Critical parameters for hybrid feature detection:
match.tol.ppm:
The ppm tolerance to match identified features to known
metabolites/features. Similar to mz.tol, this depends on the mass
accuracy of your machine.
new.feature.min.count: The
number of spectra a new feature must be present for it to be added to
the database. We recommend setting this parameter in a stringent
manner.
recover.min.count: The minimum time point count for a series of point in the EIC for it to be considered a true feature in supervised detection.
[Computation]
The computation time depends on the information contained in the spectra and the parameters. At the default setting, from one CDF file to its feature table, a laptop computer with a core 2 DUO CPU at 2.2 GHz takes about two minutes when the CDF file is about 30Mb. Retention time correction and feature alignment don't take too much time. Weaker signal recovery may take longer, as every spectrum is re-examined.

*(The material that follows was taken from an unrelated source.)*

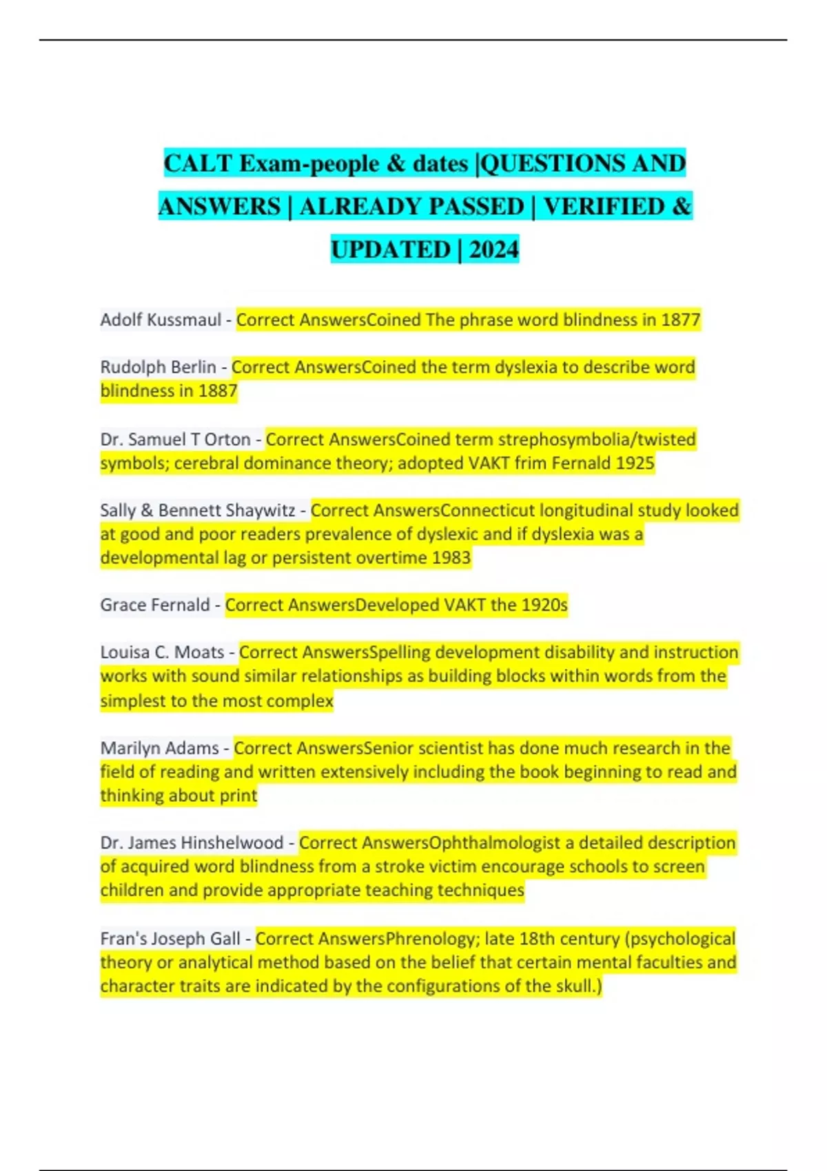 CALT Exam-people & dates |QUESTIONS AND ANSWERS | ALREADY PASSED | VERIFIED & UPDATED | 2024

There are built-in mechanisms to speed up compuation.
(1) You can use
multiple cores/machines to simultaneously perform steps 1 and 2 (from CDF file to
per-spectrum feature table). The function cdf.to.ftr()
has a pre-processing mode, in which it can work on only a subset of the
CDF files, and save partially processed information in binary files.

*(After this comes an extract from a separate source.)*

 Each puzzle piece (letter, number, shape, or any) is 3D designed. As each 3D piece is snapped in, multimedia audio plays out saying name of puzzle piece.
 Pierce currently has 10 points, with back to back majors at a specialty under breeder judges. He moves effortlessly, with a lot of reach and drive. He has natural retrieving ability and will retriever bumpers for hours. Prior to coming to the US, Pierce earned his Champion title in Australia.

Later on, simply re-run the function cdf.to.ftr() or semi.sup() and it will look for the partially processed information in binary files and skip the first two steps if the files are present.
(2) Both and can utilize multiple cores on a machine. It is controlled by the n.nodes parameter in the wrapper functions. How many nodes you can use depends on two things: (1) the availability of cores in the machine, and (2) the size of RAM. A rule of thumb is to allow 2Gb RAM for each process.

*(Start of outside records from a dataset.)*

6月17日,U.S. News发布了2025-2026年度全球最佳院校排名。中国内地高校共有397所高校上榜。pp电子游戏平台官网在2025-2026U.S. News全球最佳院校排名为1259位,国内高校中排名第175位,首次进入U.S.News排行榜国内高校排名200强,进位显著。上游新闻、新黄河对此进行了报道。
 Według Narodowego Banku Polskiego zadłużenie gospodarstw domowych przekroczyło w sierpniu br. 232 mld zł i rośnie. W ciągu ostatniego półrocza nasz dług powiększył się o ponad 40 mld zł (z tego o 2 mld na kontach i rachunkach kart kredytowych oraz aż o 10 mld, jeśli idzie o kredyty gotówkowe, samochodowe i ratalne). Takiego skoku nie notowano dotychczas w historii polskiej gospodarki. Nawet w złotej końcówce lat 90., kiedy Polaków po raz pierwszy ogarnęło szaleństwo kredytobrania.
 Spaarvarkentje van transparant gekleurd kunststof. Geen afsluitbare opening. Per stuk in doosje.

apLCMS--adaptive processing of high-resolution LC/MS data. Yu T,
Park Y, Johnson JM, Jones DP. Bioinformatics. 2009 Aug 1;25(15):1930-6.
Quantification and deconvolution of asymmetric LC-MS peaks using the bi-Gaussian mixture model and statistical model selection. Yu T, Peng H. BMC Bioinformatics. 2010 Nov 12;11:559.
A practical approach to detect unique metabolic patterns for
personalized medicine. Johnson JM, Yu T, Strobel FH, Jones DP. Analyst.
2010 Nov;135(11):2864-70.
xMSanalyzer: automated pipeline for improved feature detection and
downstream analysis of large-scale, non-targeted metabolomics data.
Uppal K, Soltow QA, Strobel FH, Pittard WS, Gernert KM, Yu T, Jones DP.
BMC Bioinformatics. 2013 Jan 16;14:15.
Hybrid feature detection and information accumulation using
high-resolution LC-MS metabolomics data. Yu T, Park Y, Li S, Jones DP.
J. Proteome Res. 2013 Mar 1; 12(3):1419-27.